▶ [DATA EXCERPT]
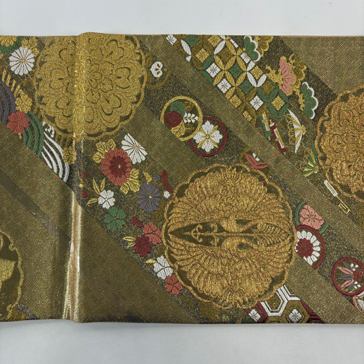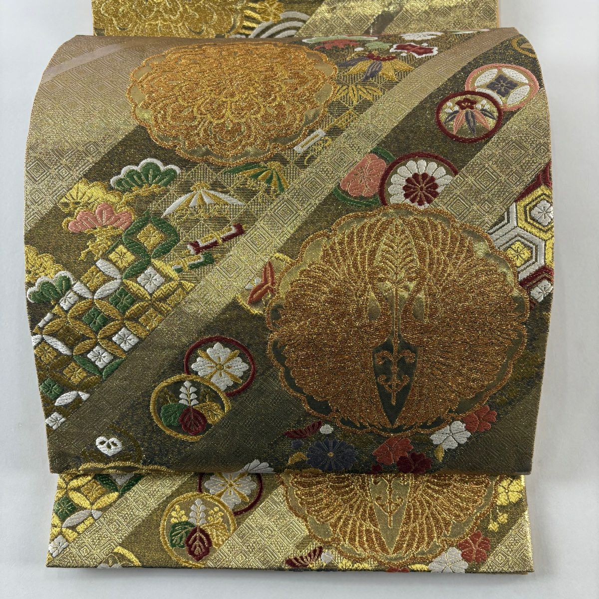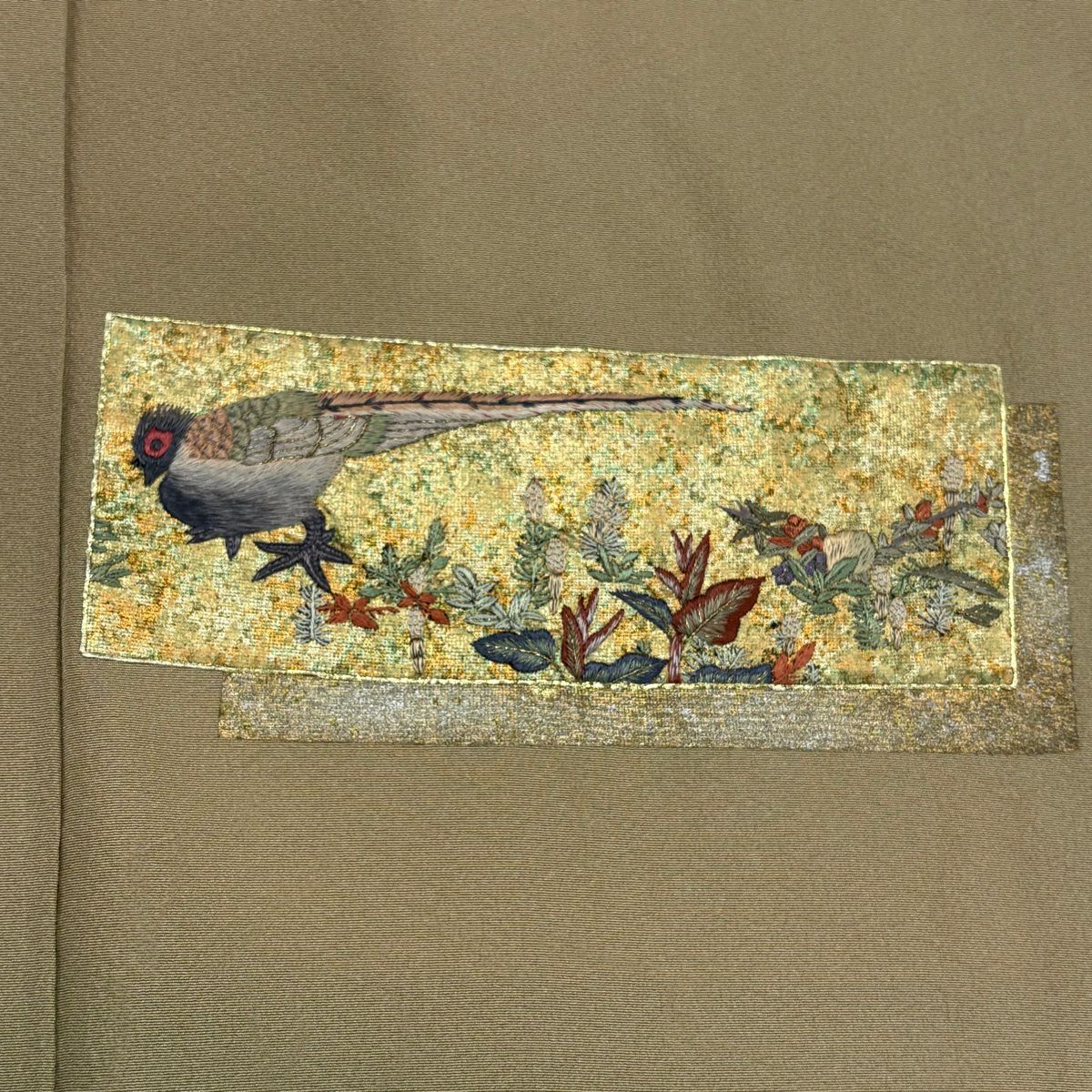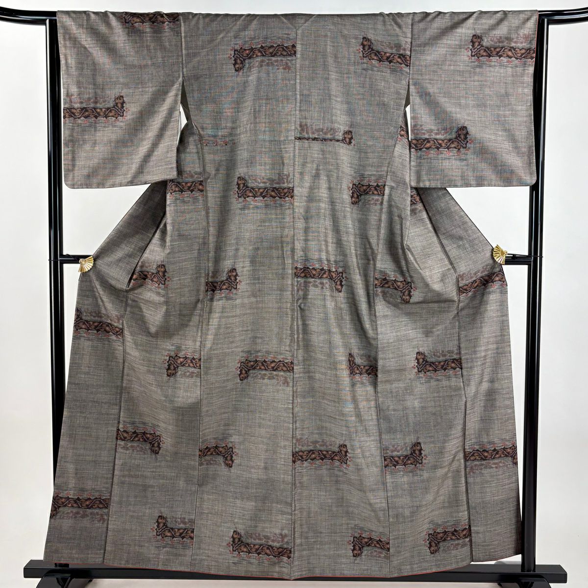 【美品】 付下げ 身丈158.5cm 裄丈63cm S 袷 ますいわ屋 桐 橘 箔 金糸 灰茶 正絹 秀品 一つ紋
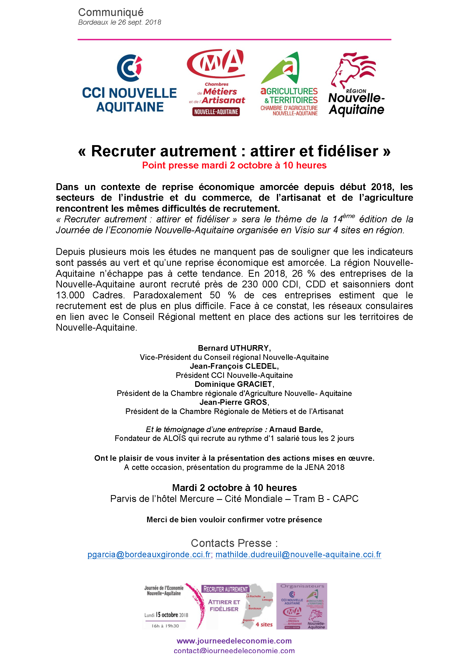 Accueil > Événements > Evénements à l'extérieur > > Point presse à 10h : « Recruter autrement : attirer et fidéliser » Journée de l’Économie Nouvelle-Aquitaine
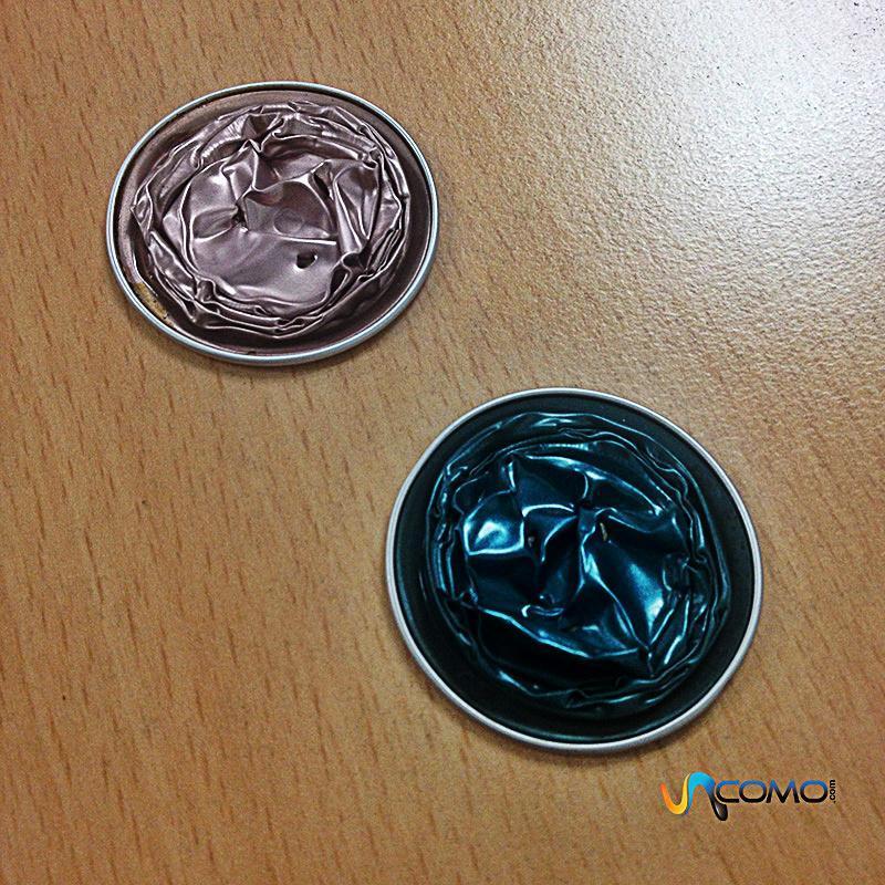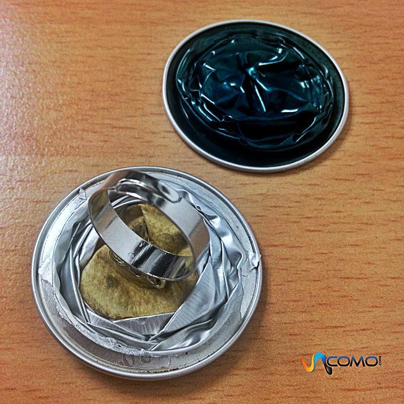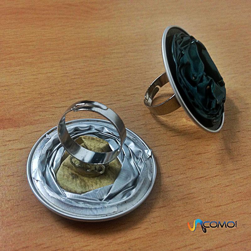 E a próxima coisa a fazer é colar o anel na cápsula de Nespresso e pressionar para que fique bem colado. Você pode encontrar esses anéis em lojas de artesanato ou bazares e a maioria deles são ajustáveis à medida de seus dedos.

▶ [WHAT IS NEEDED] With the pictures left out, give again exactly the lines from the one with "Accueil > Événements" through the end of the data, both included.

▶ [REPLY]
 Accueil > Événements > Evénements à l'extérieur > > Point presse à 10h : « Recruter autrement : attirer et fidéliser » Journée de l’Économie Nouvelle-Aquitaine
 E a próxima coisa a fazer é colar o anel na cápsula de Nespresso e pressionar para que fique bem colado. Você pode encontrar esses anéis em lojas de artesanato ou bazares e a maioria deles são ajustáveis à medida de seus dedos.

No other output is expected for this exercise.